Still, for liberals seeking a cathartic confrontation from their nominee after four years of Mr. Trump — and, more significantly, for the subset of voters disenchanted with this White House but hardly enthused about its alternative — Mr. Biden did enter the debate hoping to close the sale.

“So unpresidential,” he said of Mr. Trump’s conduct. But often, Mr. Biden struggled to negotiate the hail of interjections — and self-inflicted asides of his own that broke up any narrative momentum.

Before the debate, Mr. Trump made clear to advisers that he would like to speak frequently about Mr.
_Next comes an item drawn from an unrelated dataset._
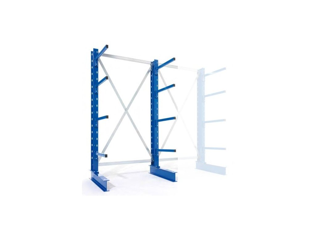 Počet ramen: 4 Počet stojin: 2 Nosnost ramene: 175 kg Vyrobeno z lakované oceli. Konzolové regály slouží pro skladování dlouhých předmětů, jako jsou trubky, latě, desky, tyče, apod. Stojiny regálu jsou vyrobeny z oboustranně děrovaných ocelových profilů. Oboustranné děrování pro možnou budoucí přestavbu z jednostranného provedení na oboustranné. Děrování slouží pro zasouvání jednotlivých ramen. Ramena jsou zajištěna proti vyháknutí zajišťovacím šroubem. Ramena jsou výškově stavitelná v rastru 100 mm. Osová vzdálenost mezi jednotlivými stojinami je 1330 mm. Regály lze rozšiřovat o přístavbové pole, které jsou dodávané včetně ramen a výztuh.Doplňkové parametry

Biden’s younger son, Hunter, despite being warned that would give the former vice president an opening to discuss the president’s daughter and son-in-law working in the White House and declining to divest themselves of holdings.

In the end, Mr. Trump took the risk, ridiculing Hunter Biden’s business dealings and history with drug addiction. (An investigation into the Bidens released last week by Senate Republicans found no evidence of wrongdoing or improper influence by the Democratic nominee, though it accused the younger Mr. Biden of having “cashed in” on his father’s name in overseas business ventures.)

The biggest problem, some aides to Mr. Trump acknowledged privately, was that his faring well depended in part on his ability to make Mr. Biden lose his temper. On the broader question that has dominated the election this year — Mr. Trump’s and his administration’s failed pandemic response — there is no particularly good answer that the president can offer, some Republicans concede. So he has generally chosen not to answer it and change the subject, as he did when he could on Tuesday.

This has always been a rhetorical strength. Four years ago, Mr. Trump was not a polished debater but to the extent he succeeded, it was because he proved willing to go where no other modern presidential candidate would.

And near the conclusion on Tuesday, he shared with voters the kind of ominous and meritless forecast that tends to overshadow any fleeting snapshots of discipline.

Pointing to the Democratic-leaning city of Philadelphia as the kind of hellscape he thinks could cost him the election, Mr. Trump refused to promise to wait until all ballots are counted before declaring victory.

“Bad things happen in Philadelphia,” Mr. Trump said. “I hope it’s going to be a fair election.”